Tra l’altro, “vale la pena notare che un margine lordo dell’11,4% è ancora elevato per il settore. Il margine operativo di Ford è stato di circa il 4% nel 2022; i margini operativi di GM e Volkswagen erano entrambi più vicini al 7%. Il management ha anche menzionato il sottoutilizzo dei nuovi stabilimenti, gli elevati costi delle materie prime, la difficile logistica e i costi di garanzia come fattori che contribuiscono alla riduzione dei margini”.

“Riteniamo che la strategia di prezzo di Tesla funzionerà nel breve termine – ha continuato l’esperto di Global X – Tuttavia, il mantenimento della sua posizione di leadership sarà probabilmente legato alla sua strategia di integrazione verticale”.

La soluzione?

“La prossima apertura di un impianto proprietario di raffinazione del litio è un buon passo avanti, ma pensiamo che per sostenere i suoi obiettivi Tesla abbia bisogno di possedere anche degli asset minerari di litio, in quanto denominatore comune di quasi tutte le chimiche delle batterie. A tal fine, Tesla starebbe valutando l’acquisizione di un piccolo player nell’estrazione del litio”.

Litio sarebbe dunque la parola d’ordine per il gigante EV guidato da Elon Musk, nella nota di Alec Lucas di Global X,  che non per niente porta il seguente titolo:ù

Margini ancora buoni, ma ora Musk deve comprare una miniera”.

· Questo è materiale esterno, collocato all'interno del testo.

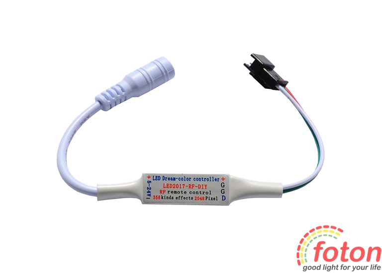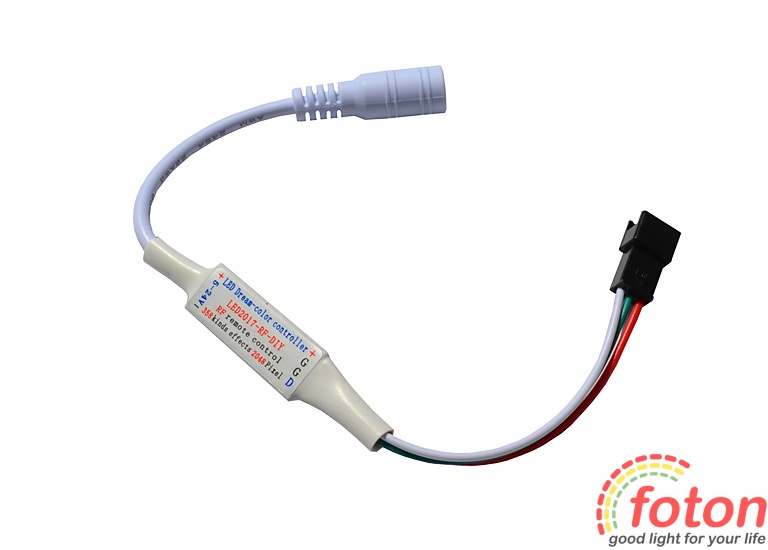 RGB Контролер має більше 300 програм та 64 рівнів швидкості для керування пікселями. За допомогою певних програм можна регулювати відтінок кольору світіння. Контролер зберігає останню програму після вимкнення живлення. Цифровий контролер дозволяє управляти до 2048 пікселів. Робоча напруга контролера 5 вольт, підключення здійснюється через роз'єм Power jack 2pin – 5,5mm Father. Підключення до led модулів або led стрічці через конектор 3pin.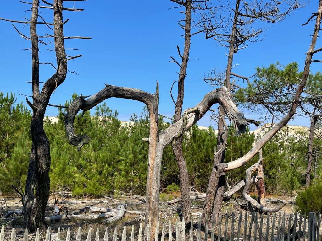 La forêt est marquée par des épisodes de feu. Parois, elle offre aussi des merveilles de contorsions. Les arbres me font alors l’effet de géants stoppés net dans leurs mouvements. On se croit dans un film sauf qu’il s’agit juste des beautés de la nature.

La fiducia nelle potenzialità di Tesla è stata rimarcata, facendo notare che “molti sottovalutano un aspetto”, ovvero che “la capacità di produzione di Tesla potrebbe permettere all’azienda di continuare a ridurre i prezzi”.

“Detto ciò, sebbene il settore dei veicoli elettrici sia ancora nelle prime fasi di adozione, la concorrenza sta aumentando. Prevedere i singoli vincitori e vinti è ancora un esercizio complesso, per cui un ETF può essere un modo efficace per esporsi a un paniere più ampio di potenziali leader”, ha concluso l’esperto di Global X.

Non per niente, dopo qualche ora dalla comunicazione della trimestrale, Tesla ha fatto un nuovo annuncio, non da poco: il gruppo ha annunciato un lieve aumento di prezzi di due dei suoi modelli.

Ma attenzione: la strategia dei tagli è stata confermata.

Il titolo TSLA ha concluso la sessione di venerdì scorso in rialzo dell’1% circa, dopo essere affondato di quasi -10% lo scorso 20 aprile, il giorno successivo alla pubblicazione della trimestrale.